**What is being asked**
Return all the data below as it stands, minus the pictures.

**Collected data**
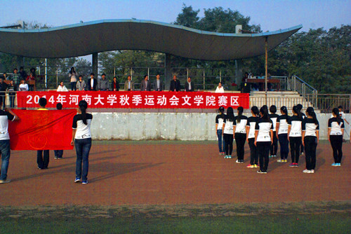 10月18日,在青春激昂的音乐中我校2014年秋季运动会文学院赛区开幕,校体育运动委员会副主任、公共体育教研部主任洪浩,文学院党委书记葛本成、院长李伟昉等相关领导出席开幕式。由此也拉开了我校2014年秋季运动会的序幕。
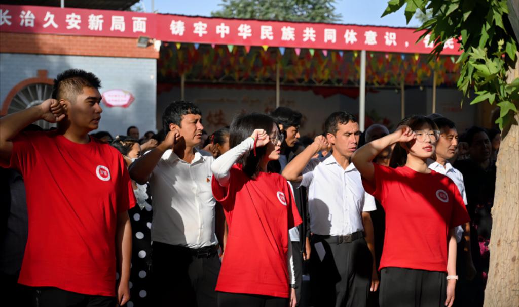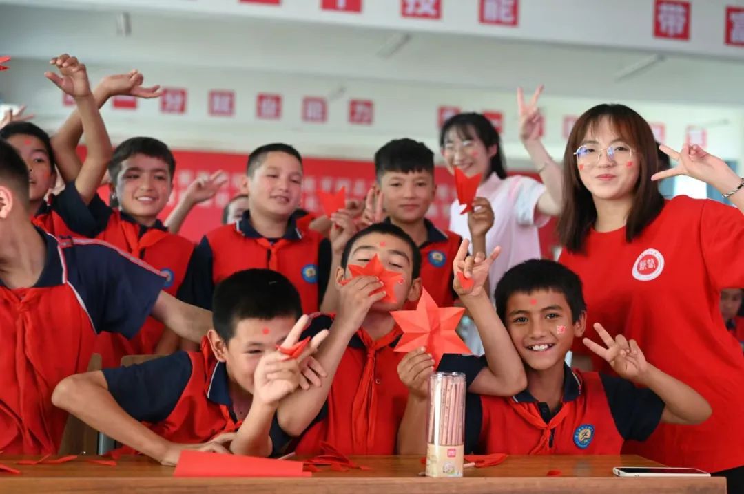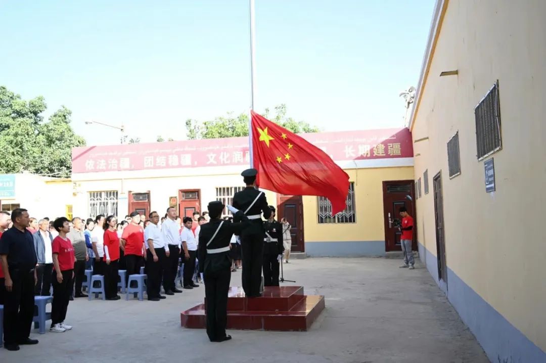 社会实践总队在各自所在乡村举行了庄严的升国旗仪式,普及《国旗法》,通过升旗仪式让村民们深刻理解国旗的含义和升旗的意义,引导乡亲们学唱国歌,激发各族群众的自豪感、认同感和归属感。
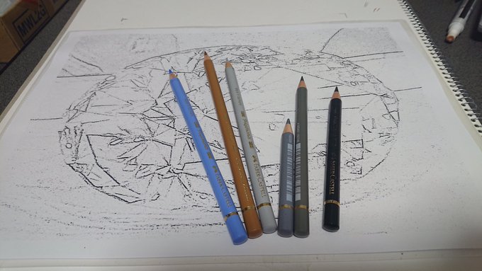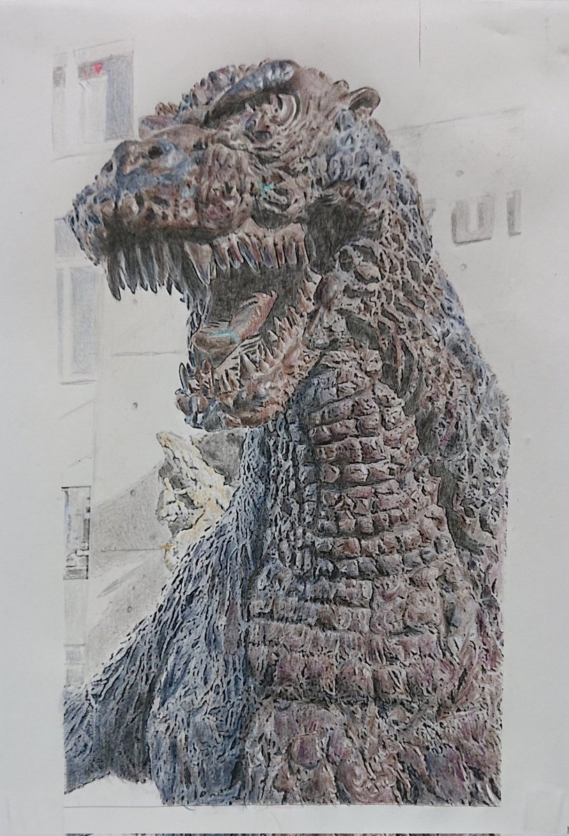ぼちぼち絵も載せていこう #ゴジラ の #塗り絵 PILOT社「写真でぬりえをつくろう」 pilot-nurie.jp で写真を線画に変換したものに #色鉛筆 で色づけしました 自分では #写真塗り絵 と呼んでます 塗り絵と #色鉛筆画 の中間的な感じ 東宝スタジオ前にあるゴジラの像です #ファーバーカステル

**Answer to this problem**
 10月18日,在青春激昂的音乐中我校2014年秋季运动会文学院赛区开幕,校体育运动委员会副主任、公共体育教研部主任洪浩,文学院党委书记葛本成、院长李伟昉等相关领导出席开幕式。由此也拉开了我校2014年秋季运动会的序幕。
 社会实践总队在各自所在乡村举行了庄严的升国旗仪式,普及《国旗法》,通过升旗仪式让村民们深刻理解国旗的含义和升旗的意义,引导乡亲们学唱国歌,激发各族群众的自豪感、认同感和归属感。
ぼちぼち絵も載せていこう #ゴジラ の #塗り絵 PILOT社「写真でぬりえをつくろう」 pilot-nurie.jp で写真を線画に変換したものに #色鉛筆 で色づけしました 自分では #写真塗り絵 と呼んでます 塗り絵と #色鉛筆画 の中間的な感じ 東宝スタジオ前にあるゴジラの像です #ファーバーカステル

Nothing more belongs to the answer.